■ Source material:

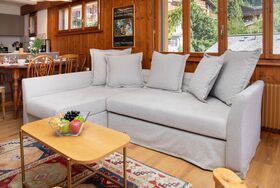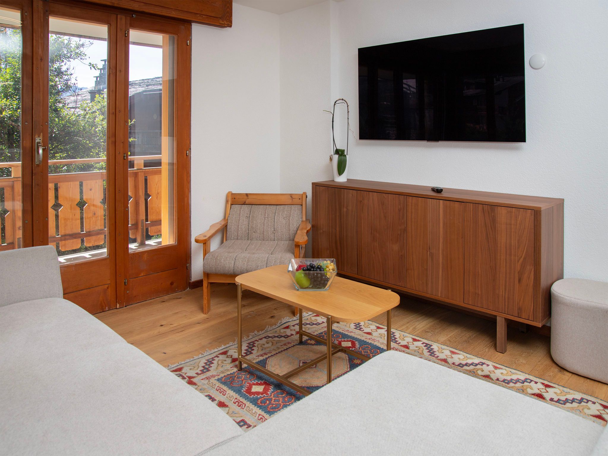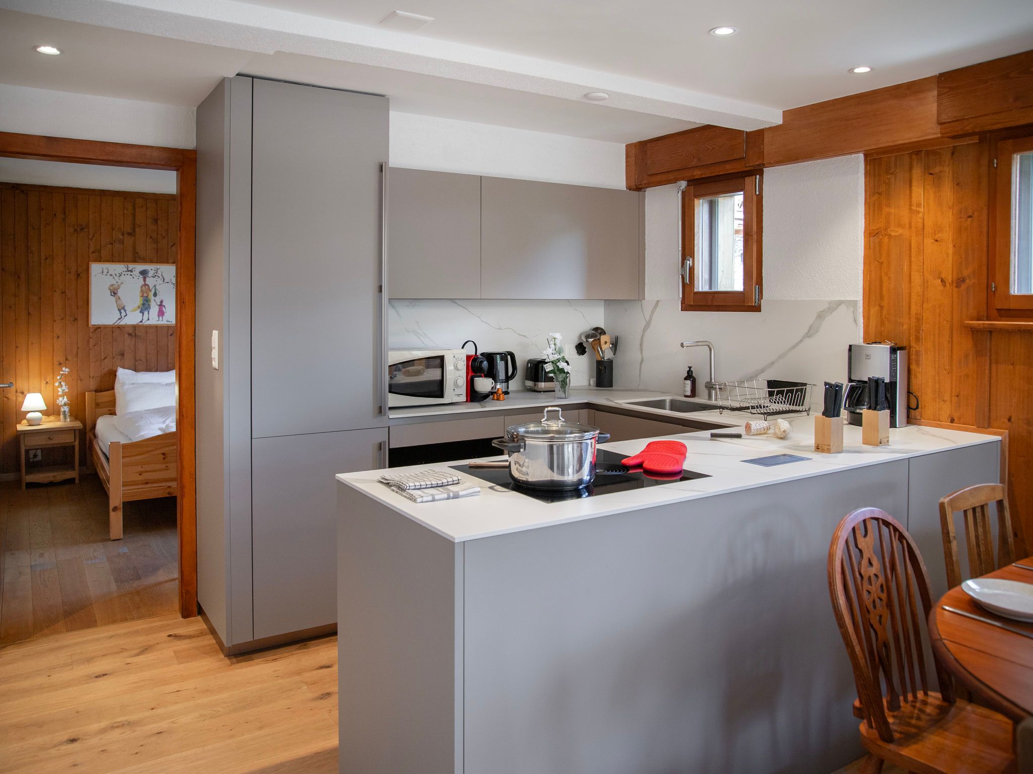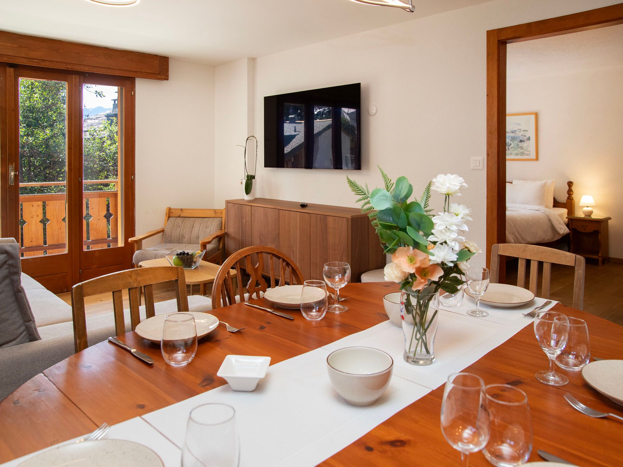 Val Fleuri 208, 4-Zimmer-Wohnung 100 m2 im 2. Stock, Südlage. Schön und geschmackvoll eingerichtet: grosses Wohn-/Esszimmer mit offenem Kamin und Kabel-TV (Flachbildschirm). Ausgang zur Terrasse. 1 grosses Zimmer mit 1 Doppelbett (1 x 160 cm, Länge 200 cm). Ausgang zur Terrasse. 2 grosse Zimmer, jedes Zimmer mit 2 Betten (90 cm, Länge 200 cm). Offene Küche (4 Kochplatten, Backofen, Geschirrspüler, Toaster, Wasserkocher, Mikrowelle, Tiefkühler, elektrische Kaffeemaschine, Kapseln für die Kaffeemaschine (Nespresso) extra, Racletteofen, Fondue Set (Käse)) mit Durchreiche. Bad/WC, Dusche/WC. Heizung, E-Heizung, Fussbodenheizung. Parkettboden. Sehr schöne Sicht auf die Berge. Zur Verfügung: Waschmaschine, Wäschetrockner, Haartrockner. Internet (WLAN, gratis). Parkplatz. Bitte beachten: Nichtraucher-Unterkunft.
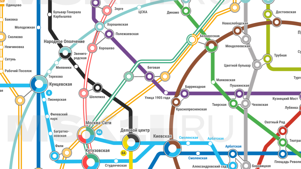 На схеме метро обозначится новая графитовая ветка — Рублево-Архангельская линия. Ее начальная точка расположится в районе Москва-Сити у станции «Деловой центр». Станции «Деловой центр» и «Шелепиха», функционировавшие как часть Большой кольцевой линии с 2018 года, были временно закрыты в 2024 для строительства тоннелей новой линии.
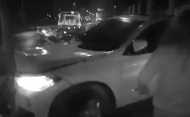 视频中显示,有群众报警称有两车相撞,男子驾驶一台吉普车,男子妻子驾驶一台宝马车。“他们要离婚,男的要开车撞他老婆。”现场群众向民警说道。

■ Work request:
Leaving every picture out, repeat each line of the material exactly.

■ Task solution:
 Val Fleuri 208, 4-Zimmer-Wohnung 100 m2 im 2. Stock, Südlage. Schön und geschmackvoll eingerichtet: grosses Wohn-/Esszimmer mit offenem Kamin und Kabel-TV (Flachbildschirm). Ausgang zur Terrasse. 1 grosses Zimmer mit 1 Doppelbett (1 x 160 cm, Länge 200 cm). Ausgang zur Terrasse. 2 grosse Zimmer, jedes Zimmer mit 2 Betten (90 cm, Länge 200 cm). Offene Küche (4 Kochplatten, Backofen, Geschirrspüler, Toaster, Wasserkocher, Mikrowelle, Tiefkühler, elektrische Kaffeemaschine, Kapseln für die Kaffeemaschine (Nespresso) extra, Racletteofen, Fondue Set (Käse)) mit Durchreiche. Bad/WC, Dusche/WC. Heizung, E-Heizung, Fussbodenheizung. Parkettboden. Sehr schöne Sicht auf die Berge. Zur Verfügung: Waschmaschine, Wäschetrockner, Haartrockner. Internet (WLAN, gratis). Parkplatz. Bitte beachten: Nichtraucher-Unterkunft.
 На схеме метро обозначится новая графитовая ветка — Рублево-Архангельская линия. Ее начальная точка расположится в районе Москва-Сити у станции «Деловой центр». Станции «Деловой центр» и «Шелепиха», функционировавшие как часть Большой кольцевой линии с 2018 года, были временно закрыты в 2024 для строительства тоннелей новой линии.
 视频中显示,有群众报警称有两车相撞,男子驾驶一台吉普车,男子妻子驾驶一台宝马车。“他们要离婚,男的要开车撞他老婆。”现场群众向民警说道。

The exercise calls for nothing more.